Tags
Compelling reason, Decision making, Making Decisions, Reciprocity, Remove ambiguity, Self-help techniques, Spider Diagrams, Stephen Covey, Symptom and Cause, The 6 Why Technique, The 7 Habits of Highly Effective People, The bounty of saying sorry, Use nouns not pronouns, Want versus need, What problem are you solving?, Will I ever regret...?

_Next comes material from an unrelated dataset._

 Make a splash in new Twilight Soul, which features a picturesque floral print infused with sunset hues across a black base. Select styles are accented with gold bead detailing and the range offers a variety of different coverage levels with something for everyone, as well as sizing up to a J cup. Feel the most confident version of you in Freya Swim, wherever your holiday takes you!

Many years ago, while travelling in a car through the streets of an Asian city, I passed a crowd outside the entrance of an upmarket hotel and with a limousine disgorging a tall, well-dressed, bald gentleman about to walk into the hotel on what appeared to be a red carpet. ‘Who’s that?’ I enquired of my host driving the car. ‘That’s Stephen Covey,’ came the reply. ‘He making a presentation in that hotel tonight.’ ‘Who’s Stephen Covey?’ I asked. ‘Probably the biggest name among current self-help gurus,’ my companion said in a tone that expressed incredulity that I didn’t know who Stephen Covey was. ‘He’s written a famous book called The 7 Habits of Highly Effective People. He’s on a tour around the major Asian-Pacific cities.’ ‘Oh,’ I said, thinking I ought to check him out.

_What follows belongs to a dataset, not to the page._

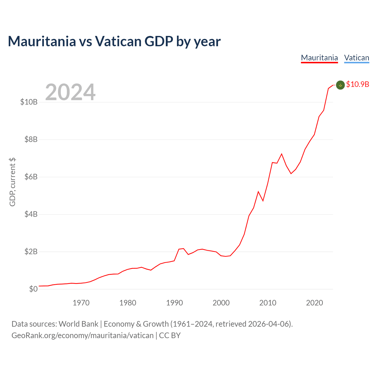 Mauritania has a GDP of $10.9B compared to $19.8M for the Vatican, ranking 153/197 and 197/197 by economy size, respectively.
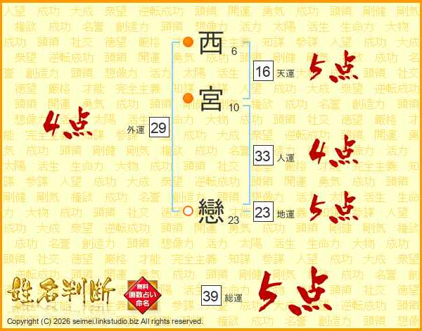 西宮戀さんの総運は39画の5点!

The 7 Habits of Highly Effective People, Stephen Covey
Free Press, 1989/Simon & Schuster, 2020.
On my return from the Asian trip I bought a copy of his book, a weighty tome considerably thicker than most of the technical books on my bookshelf, and settled down to read the great man’s words of wisdom and see if they would make a better man of me. They didn’t. I got as far as halfway through Part 2 and gave up. Part 1, Paradigms and Principles, said it all. From then on, he seemed to be repeatedly telling me the same thing, using different words. I became bored and settled back into working out my own ‘rules’ on how to develop habits that made me effective, but for those of you who are interested, here’s a summary of Covey’s 7 Habits:
Be Proactive
Take responsibility for your life and actions, and focus on what you can control rather than what you can’t.
Begin with the End in Mind
Define your goals and purpose in life, and use them as a guide to make decisions and prioritize your actions.
Put First Things First
Prioritize your time and energy on the essential things in your life, and learn to say “no” to less important things.
Think Win-Win
Seek mutual benefit in all interactions and relationships, and look for solutions that benefit all parties involved.

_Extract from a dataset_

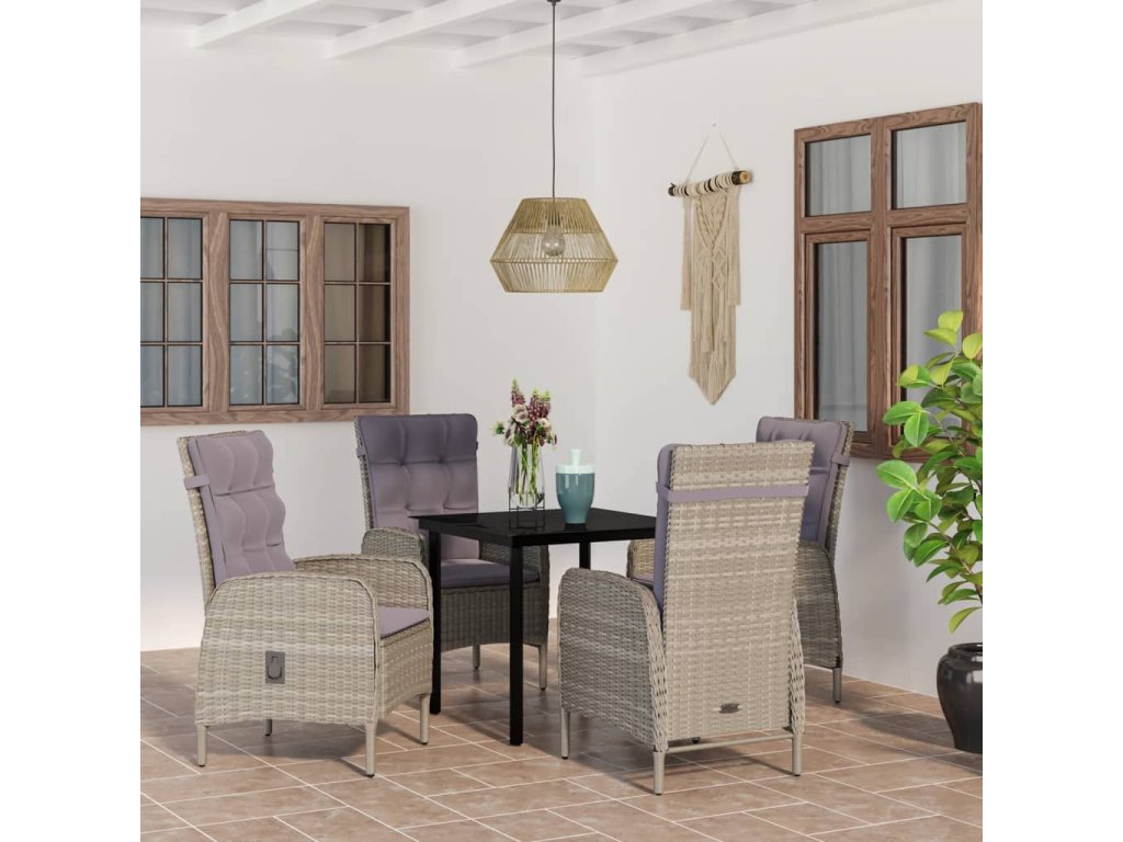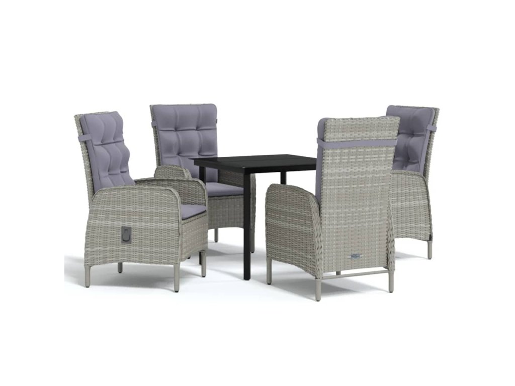 5dílný zahradní jídelní set s poduškami šedý a černý 3099360

Seek First to Understand, Then to Be Understood
Listen empathetically and seek to understand others’ perspectives before expressing your own.
Synergize
Work collaboratively with others to achieve goals and create outcomes more significant than any individual could achieve alone.
Sharpen the Saw
Take time to renew and improve yourself physically, mentally, emotionally, and spiritually for continued success.
Back to my habits. I don’t think of them as habits. They are more ways of behaving and methods for making decisions. I didn’t get them from books or other sources, not that I’m aware of, although I am sure others have presented and expounded them. In simple terms, here they are.
Ways to Behave
There is an assortment of behavioural guidelines such as being fair, being non-judgemental, being non-discriminatory, respecting the beliefs and opinions of others, being empathetic, being non-violent, being kind, not cruel, and so on. These well-known and general behavioural guidelines occurred naturally to me and required no further exposition. However, the five behavioural guidelines below were formulated through personal events and, as a result, are somewhat unique.
1. Define ambiguous words and beware of pronouns replacing nouns.
Both during my professional life as a teacher/lecturer and, more recently, as deafness has taken hold, I have found it necessary to define certain words I use before using them and to request the identities of those hiding behind pronouns. As a teacher of complex principles of design-for-test as it related to electronic systems, I quickly discovered that what a word meant to one electronic engineer was not what another electronic engineer understood. Take the word system just used. An engineer in the microelectronics industry would consider this meant a microprocessor or something more complex but still within the realm of microelectronic devices, whereas an engineer in the communications industry would perceive it to be an array of computers, or a radar system, or a 4G/5G network system, or similar.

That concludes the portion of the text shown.